[PYTHON] Create basic algorithms with Smart Trade

What is Smart Trade

What is Smart Trade? The name of the stock investment algorithm development platform service provided by Smart Trade Ltd. ~~ Currently the beta version, but the official version will be released soon ~~ (Added on 2017/11/25: Official version released on 2017/11/20, service name is also "QuantX")

It has a function that allows you to write trading algorithms using Python and easily perform backtesting.

The following can use the service from HP https://smarttrade.co.jp

Referenced link

Create an algorithm by referring to the Qiita post below HP also has a sample algorithm, so you can refer to it as well. We are waiting for the enhancement of the tutorial

Try to develop an investment algorithm with Python 1 http://qiita.com/hiroshimoda/items/e89444729fe7d25c0275

Building Algorithmic Strategies on SmartTrade http://qiita.com/vinyip918/items/8623c5e902b113becd38

How to write an algorithm

tutorial

Below is a simple tutorial https://beta.smarttrade.co.jp/handbook/ja/

Algorithm configuration

Algorithms on Smart Trade are roughly divided into three.

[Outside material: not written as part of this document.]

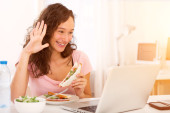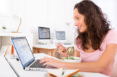 Zdjęcie "Młody student atrakcyjne jedzenie sałatka podczas pracy" może być wykorzystywane do celów osobistych i komercyjnych zgodnie z warunkami zakupionej licencji Royalty-free. Obraz jest dostępny do pobrania w jakości wysokiej rozdzielczości do 5760x3840.

Each has the following functions

Initialization

In initialization, the market to be used in the algorithm (Japanese stocks, Chinese stocks), the stock to be traded, and the price to be used (closing price, high price, etc.) are set.

initialize.py


def initialize(ctx):
 ctx.configure(
  target="jp.stock.daily",
  channels={#Channel used
            "jp.stock": {"symbols": ["jp.stock.7203"],
                         "columns": [ "high_price_adj",       
                                      "low_price_adj","close_price",
                                      "close_price_adj","volume_adj",]
                        }})

Signal definition

Describe the algorithm that outputs a buy / sell signal in the signal definition section. This time, using MACD, the histogram of MACD is ・ Convert from minus to plus: buy ・ Conversion from plus to minus: Sell Create a simple algorithm called

algorism.py


def _TALIB_CALL(data):
    #Define the value to use
      hp = data["high_price_adj"].fillna(method="ffill")
      lp = data["low_price_adj"].fillna(method="ffill")
      cp = data["close_price_adj"].fillna(method="ffill")

    #Define variables
      result_macd = {}
      result_macdsignal = {}
      result_macdhist = {}
      result = pd.DataFrame(data=0,columns=cp.columns, index=cp.index)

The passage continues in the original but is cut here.